"Come Out, Ye Black & Tans" is one of the more popular Irish Rebel songs. But the third verse often gets overlooked in discussions of its legacy:
Come tell us how you slew
Them poor Arabs two by two
Like the Zulu, they had spears
And bows and arrows
How bravely you fought one
With your sixteen-pounder gun
And you frightened them poor Natives
To their marrow
The Black and Tans, as they were called, were a special unit of Britain's Royal Irish Constabulary, and known for committing some particularly heinous acts of wartime horror, including an incendiary bombing of some 300 homes in Cork. After the end of the Irish War of Independence, Winston Churchill re-assigned many of the soldiers who comprised the Black and Tans to continue their campaign of terror — in the Mandate of Palestine, which had recently come under British control after the defeat of the Ottoman Empire in World War I. Churchill privately acknowledged that the Tans were "a gang of murderers," while also publicly declaring them a "picked force of white gendarmerie" for the newly established British Mandate of Palestine.
Ronald Storrs, who was the British Military Governor of Jerusalem when the Black & Tans arrived, was quite excited by the prospect of "forming for England a little loyal Jewish Ulster in a sea of potentially hostile Arabism." To be fair, Storrs also claimed to be "the first military governor of Palestine since Pontius Pilate," which is a weird comparison to make unless you're one of those guys who's really proud to be an "equal opportunity offender."
(This was several years after the Balfour Declaration, which was written by UK Foreign Secretary Arthur Balfour, who had previously been the Chief Secretary for British-ruled Ireland, during which time he passed the Irish Crimes Act, which made it legal for British military police to open fire on a crowd of protestors who refused to pay their rent to their absent British landlords.)

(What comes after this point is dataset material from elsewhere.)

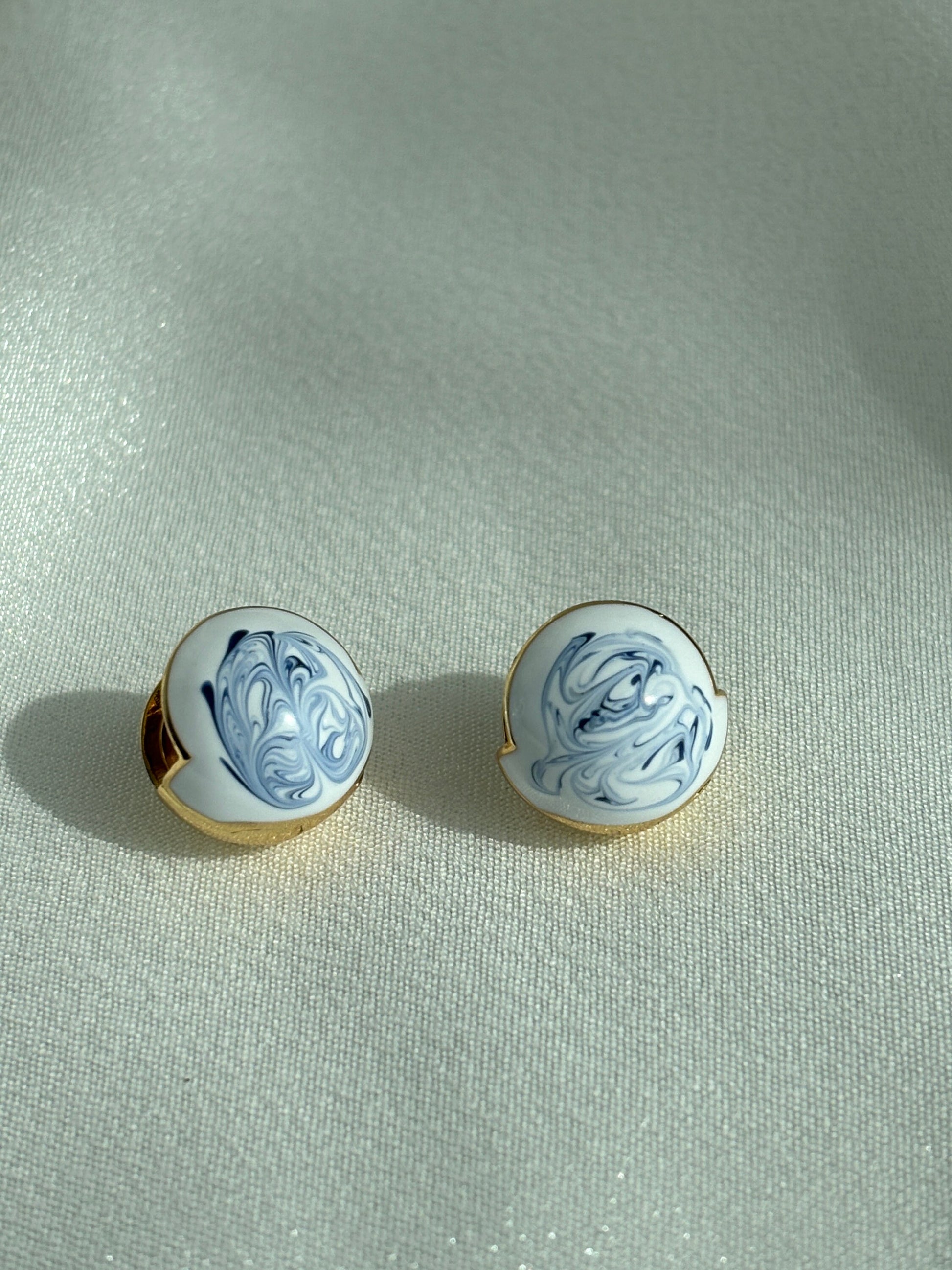 💗Elegant White Porcelain Disc Earrings with Blue Ink Design

Of course, the Jewish population in the Mandate of Palestine was hardly left unbothered by the occupying British Military Police, either. As one Irish magazine wrote in 1945, "Never let it be forgotten that the Irish people … have experienced all that the Jewish people in Palestine are suffering from the trained 'thugs' 'gunning tarzans' and British 'terrorists' that the Mandatory power have imposed upon the country."
History is weird and complicated and also utterly fascinating.
Winston Churchill sent the Black and Tans to Palestine [David Cronin / The Irish Times]
The Irish Imperial Service: Policing Palestine and Administering the Empire, 1922–1966 [Seán William Gannon / Cambridge Imperial and Post-Colonial Studies]
Why the Irish support Palestine [Rory Miller / Foreign Policy]
The Return to Yurty Aherne's Couch [The Blindboy Podcast]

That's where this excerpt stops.